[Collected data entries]
'''

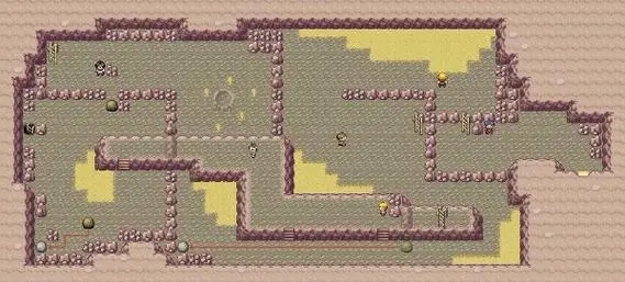抵达后站在三角陨石正下方位置按A键触发,陨石会开始移动,每一步都必须走最短路径、不多走任何一格,否则陨石立刻回到初始位置,解谜从头再来。第一步站在陨石正南按A;第二步向西走5格、向南1格按A;第三步向东5格、向北5格按A;第四步向东5格、向南5格按A;第五步向北3格、向西7格按A;第六步向东5格按A;第七步向西3格、向南2格按A;第八步向南1格、向西4格按A;第九步向东7格按A;第十步向西4格、向南1格按A;第十一步向北4格按A,按完这十一步,三角陨石会逐渐变红,最终回到中央碎裂,30级攻击形态代欧奇希斯直接出现进入对战。
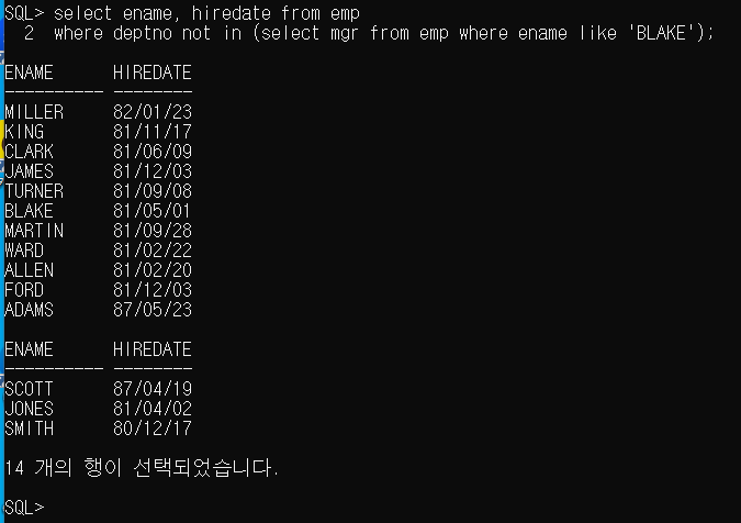 where deptno not in (select mgr from emp where ename like ‘BLAKE’);
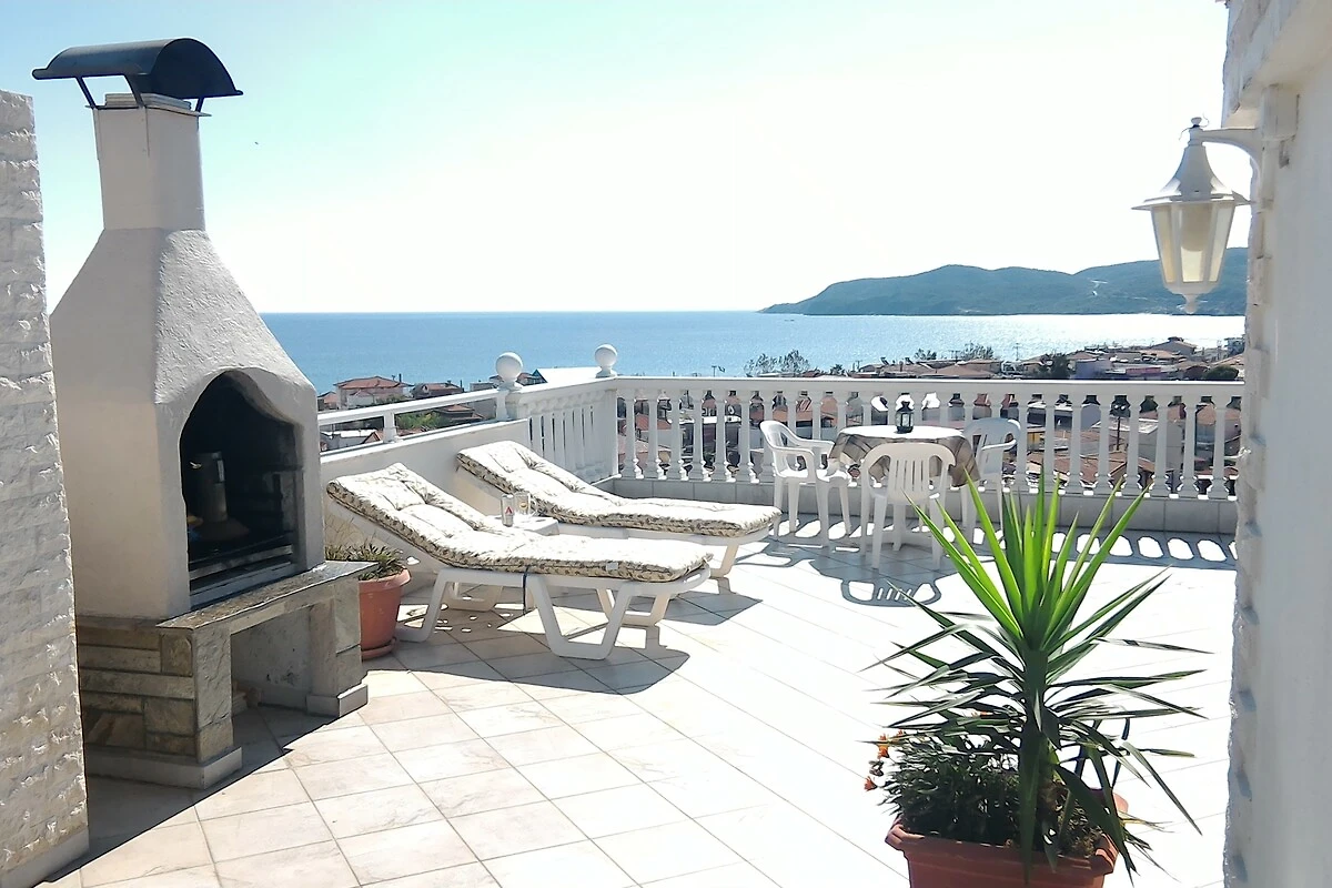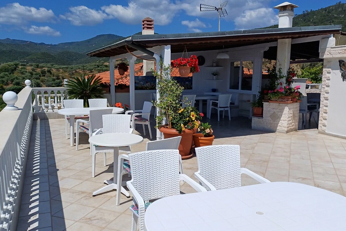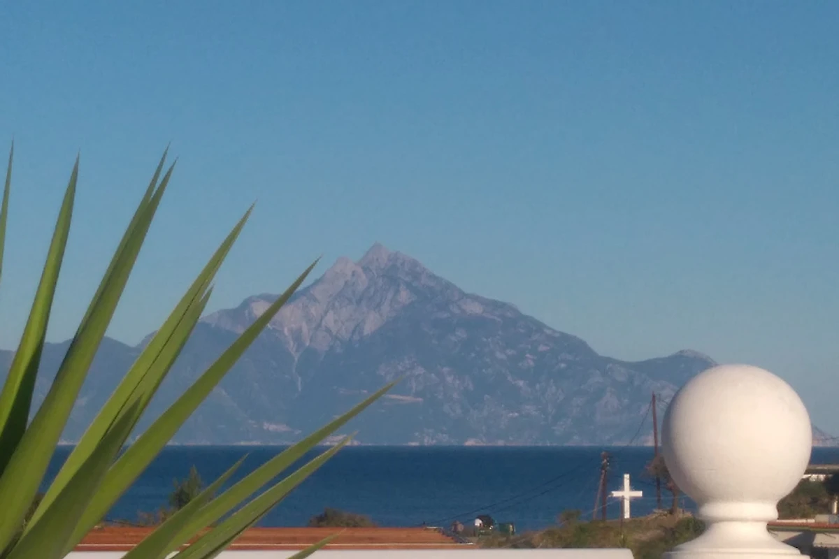 L'ampia terrazza sul tetto con lettini, barbecue e attrezzature per la colazione offre un'affascinante vista panoramica sulle montagne circostanti (Monte Athos), sul villaggio e sulla baia di Sarti, nonché l'opportunità di socializzare con gli amici o la famiglia.
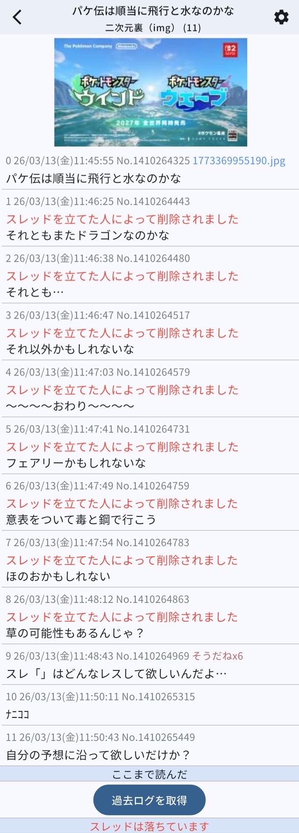 | … | 3026/03/13(金)12:15:46 ID:IUdz0B42No.1410272083+そろそろ伝説のむしポケモンが来てほしい |
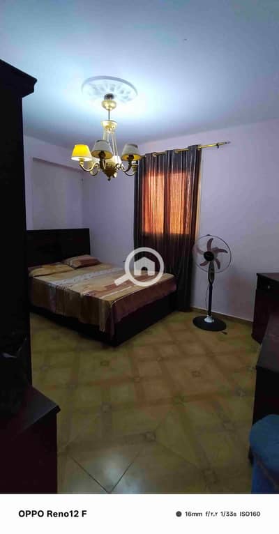 Furnished apartment for rent in Maadi consisting of 3 bedrooms, a reception, a bathroom, and a kitchen.
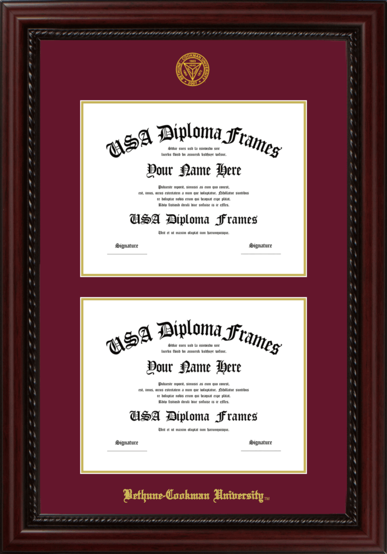Bethune-Cookman University Double Diploma Frame – Double Document – Executive Cherry Rope – Maroon and Gold Mat

'''

◆ ABOUT THIS TASK
Please give again the entries word for word, starting at the first line and ending with the line that contains "where deptno not"; include both of those lines but none of the pictures.

◆ ANSWER TO THIS EXERCISE
抵达后站在三角陨石正下方位置按A键触发,陨石会开始移动,每一步都必须走最短路径、不多走任何一格,否则陨石立刻回到初始位置,解谜从头再来。第一步站在陨石正南按A;第二步向西走5格、向南1格按A;第三步向东5格、向北5格按A;第四步向东5格、向南5格按A;第五步向北3格、向西7格按A;第六步向东5格按A;第七步向西3格、向南2格按A;第八步向南1格、向西4格按A;第九步向东7格按A;第十步向西4格、向南1格按A;第十一步向北4格按A,按完这十一步,三角陨石会逐渐变红,最终回到中央碎裂,30级攻击形态代欧奇希斯直接出现进入对战。
 where deptno not in (select mgr from emp where ename like ‘BLAKE’);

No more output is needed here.